If this is implemented correctly as Duncan describes, we can probably use it to solve http://llvm.org/bugs/show_bug.cgi?id=20440.

I guess than it would make sense to move it to sys::fs and use realpath internally for unix.
For windows GetFullPathName can be used.

rnk added a comment.Jul 31 2014, 5:16 PM

Doug Gregor attempted to use realpath years ago, but it wasn't portable. I would find out why realpath got reverted before using it again.

Well, his revert comment was:

Rip out realpath() support. It's expensive, and often a bad idea, and I have another way to achieve the same goal.

I'm not sure that portability is an issue here.

ikonst added a subscriber: ikonst.EditedAug 1 2014, 8:54 AM

As someone who was looking into http://llvm.org/bugs/show_bug.cgi?id=20440, some comments:

  • This naive canonization will break Unix path behavior with symlinks. realpath does the right thing on Un*x.

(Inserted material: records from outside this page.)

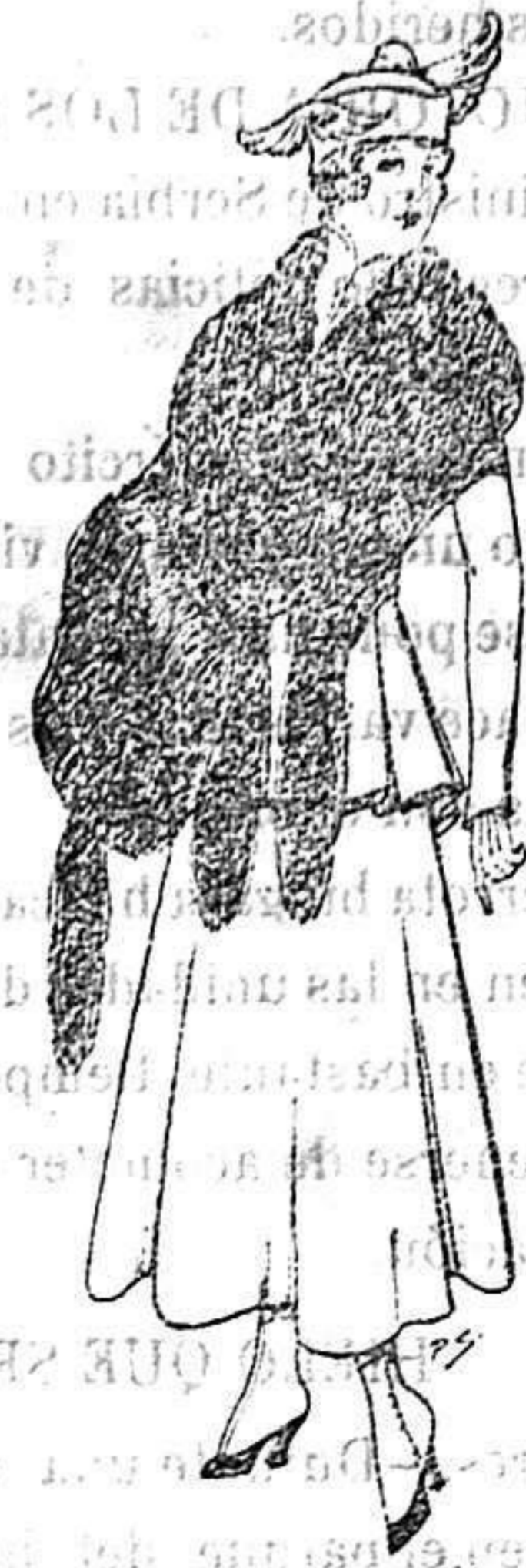
Juego de pieles imitación perfecta al renard negro De 40 a 45 ptas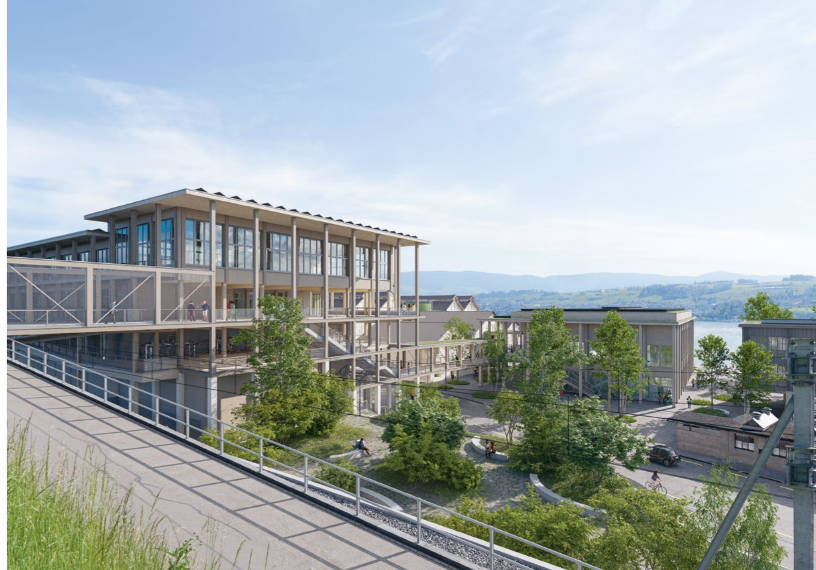
Bild Blick von der alten Landstrasse auf das MINT-Gebäude, im Hintergrund die Aula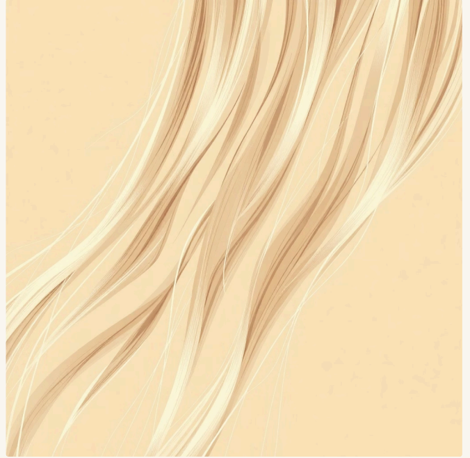
Cabello semanas después

Textura áspera, quiebres visibles y pérdida de vitalidad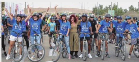
משתתפים במסע קודם של "בשביל השנטי". המצב השנה לא מאפשר רכיבה בעוטף

«העלאת המודעות למצבם של בני הנוער בסיכון במלחמה»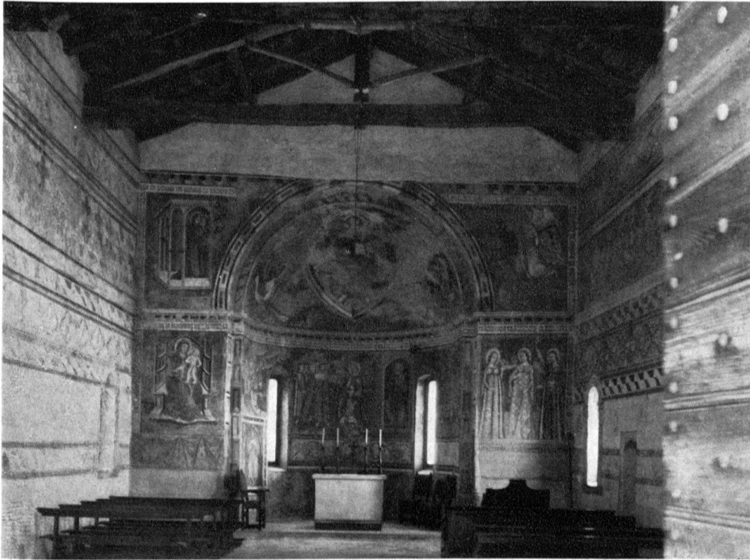
Inneres der Kirche S. Pietro bei Castel San Pietro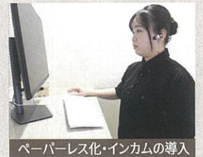
ペーパーレス化・インカムの導入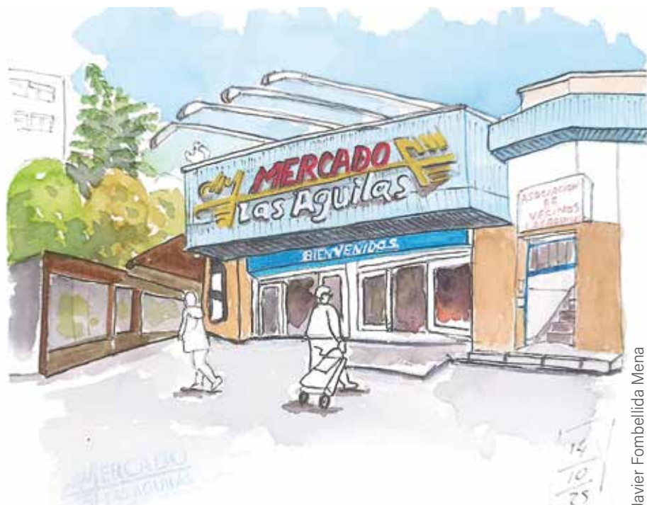
Javier Fombellida Mena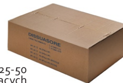
opakowanie m 25-50 bieżących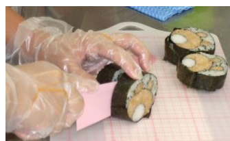
④巻いた寿司を食べやすい大きさにカットします。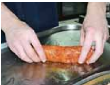
Панірувати рулет у борошні, яйці та суміші чорного перцю і паприки, запекти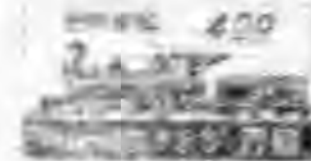
(圖三) 郵票七十五周年紀念

日本郵政總局，始於一八七二年(明治五年)設立，於一九四七年(昭和二十二年)十一月十四日，由明治天皇親臨主持之新式郵政紀念小冊，其內容如下：(一)郵政之發展，(二)郵政之服務，(三)郵政之紀念，(四)郵政之未來。 戰後日本郵政之新郵概況，其特點如下：(一)郵票之設計，(二)郵票之種類，(三)郵票之發行，(四)郵票之收藏。 戰後日本郵政之新郵概況，其特點如下：(一)郵票之設計，(二)郵票之種類，(三)郵票之發行，(四)郵票之收藏。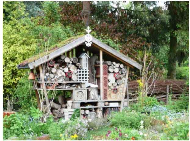
Vlindertuin met huisje voor insecten.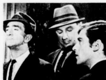
"Les Enquêtes Jobidon", le lundi à 5 heures.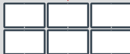
Istituti di Vigilanza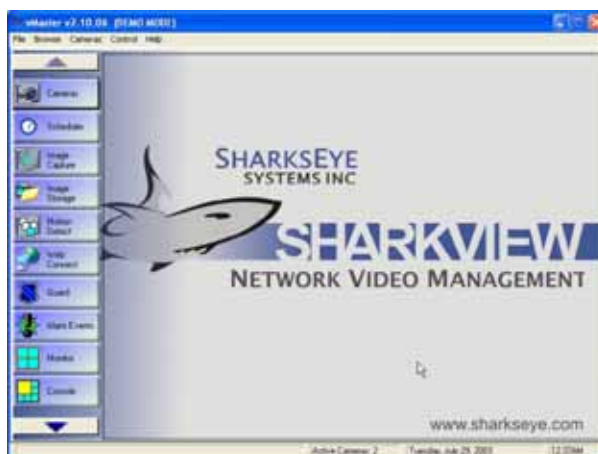
Openingscherm met alle componenten overzichtelijk gerangschikt

dit type camera niet ten goede. AVD introduceert hiervoor een perfecte oplossing: de SharkView Netwerk Video Management Software . Hiermee kunt u een veelheid aan merken en typen IP camera's binnen dezelfde grafische omgeving beheeren, opslaan afspelen en verwerken. Probeerders (30 dagen) zijn op aanvraag verkrijgbaar, zodat u een volledig inzicht krijgt in de uitgebreide mogelijkheden van dit veelomvattende softwarepakket. Dus, als u Axis, Baxall, JVC, Mobotix, TeleEye, Vista en nog veel meer IP producten centraal wilt beheeren, dan is SharkView Netwerk Video Management Software van SharksEye HET antwoord.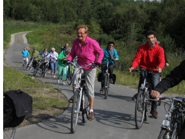
Steile helling ... duwen of afstappen?

Om alles in goede banen te leiden vragen we u om in te schrijven voor deze activiteit. Liefst via de website: http://wijvandepolder.be/goudklompjes/documents/fietstocht/programmas/inschrijven.php of telefonisch aan André of Paul. Wij verwachten u!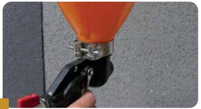
Fot.2 APLIKÁCIA BOLIX DIAMENT NA MOKRÚ OMIETKU POMOCOU PIŠTOLE

Na vyschnutú základnú vrstvu naneste základný náter BOLIX SIG kolor v odtieni 39A. Po zaschnutí základného náteru naneste silikónovú omietku BOLIX SIT 1,5 KA alebo 2,0 KA vo farbe 39A a zhotovte na nej povrchovú štruktúru. Následne na nevzretú mokrú omietku aplikujte suché kamienky BOLIX DIAMENT pomocou pištole pripojenej ku kompresoru. Nesmiete dovoliť, aby omietka preschla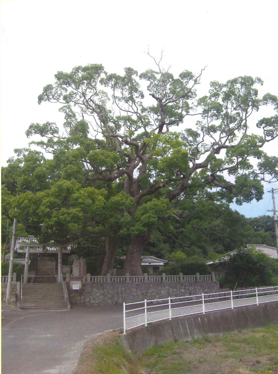
石清水神社のクスノキ 香川の保存木(東かがわ市)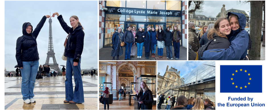
Franskelever fra Europaklassen 3.a på Erasmus-tur til Frankrig, hvor de besøgte en ny venskabskole i Trouville og oplevede stemningsfulde Paris

Det giver input til lærernes egen undervisning og til at reflektere over egen praksis som sprogunderviser. Vi har også haft en række lærere på forskellige kurser i, hvordan man kan udvikle sin sprog- og kulturundervisning. Og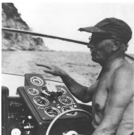
Al volant d'una de les seves "joguines".

rrers, on no la coneixien, car, fatigada per les contínues formalitats protocol·làries, com es trobava millor era passant desapercebuda. Un dia, tornant amb el meu pare d'un d'aquests passeigs, el motor començà a fer figa. S'aturaren en una estació de servei. El meu pare baixà del cotxe; la reina restà dins. De sobte, el diligentíssim mecànic, abans que el meu pare tingués temps d'advertir-li que dins de l'automòbil hi havia una senyora, elevà el vehicle. La reina es divertí molt amb la insòlita, i per a ella nova, experiència.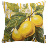
6412J 48 x 48 cm

I suspect (although didn't verify) that this is what makes it slow.
  • Win32 directory symlinks don't behave like Unix symlinks, so this will do the right thing on Win32.
  • That looks like a whole lot of work for path manipulation. All this copying and vectors. Why not do string processing, e.g. "Got a ".."? Go back to the last slash/backslash." I thought performance is of importance here. You can see my code: https://github.com/ikonst/LongPathFix/blob/master/LongPathFixHook/Path.cpp -- I suppose there's a way to do it without using the venerable C string functions.
  • This comment says "in place", but the work isn't done "in place" nor is the result "in place".

Now, as to 20440:

  • We can keep doing include path concatenations as usual (growing it even to thousands of characters in length) and when time comes for CreateFileWs, we'll pass a canonized \??\ path, same as I implemented here in the form of an API hook: https://github.com/ikonst/LongPathFix
  • I don't think this canonizing function quite cuts it for \\?\. You need to handle absolute paths, root paths, relative paths, UNC paths. It's rather Win32 specific.
  • The beautiful thing is that 20440 isn't an issue on Un*x since open accepts long paths naturally.
arphaman abandoned this revision.Aug 1 2014, 9:44 AM

I'm abandoning this patch because there is another way to deal with my problem for code coverage,
and thus I think that I would also like to keep the non-canonical names in the coverage data.